The reason for removing the Section IDs is that annotation Section IDs is a rather expensive 
task and not always available in real life scenarios. By removing the Section IDs, we could generalize our 
approaches to meet more realistic use cases and hopefully provide more values. 

By removing Section IDs, we subject our task to new challenges and will answer the following questions:

1. **Is Section ID necessary to achieve good accuracy?**
2. **Can we improve accuracy using full CTR as premise?**
3. **Can we operate using limited input token length?**

# Approach

Our approach is divided into two major categories:

1. Section ID Baselines
2. Full CTR Text Methods

The Section ID baselines follow the original task workflow described in Figure 1, where a (Section Premise, Hypothesis)
is combined into a prompt and fed into a LLM to make an entailment prediction. This method is used to establish a Section ID
baseline and answer question 1. It is also described in Figure 2 (*). 
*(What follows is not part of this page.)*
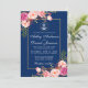 Convites Casamento Dourado Azul Floral, Cor-de-Rosa Náutica

The Full CTR Text methods contain 5 different ways to handle a full CTR text as the premise, which all tries to either compress
or extract important information from the CTR. These methods are described in Figure 2 (A)-(E). A baseline using Full CTR text 
directly as premise is also established and described in Figure 2 (*).

A detailed explanation for each method is provided in the next sub-section.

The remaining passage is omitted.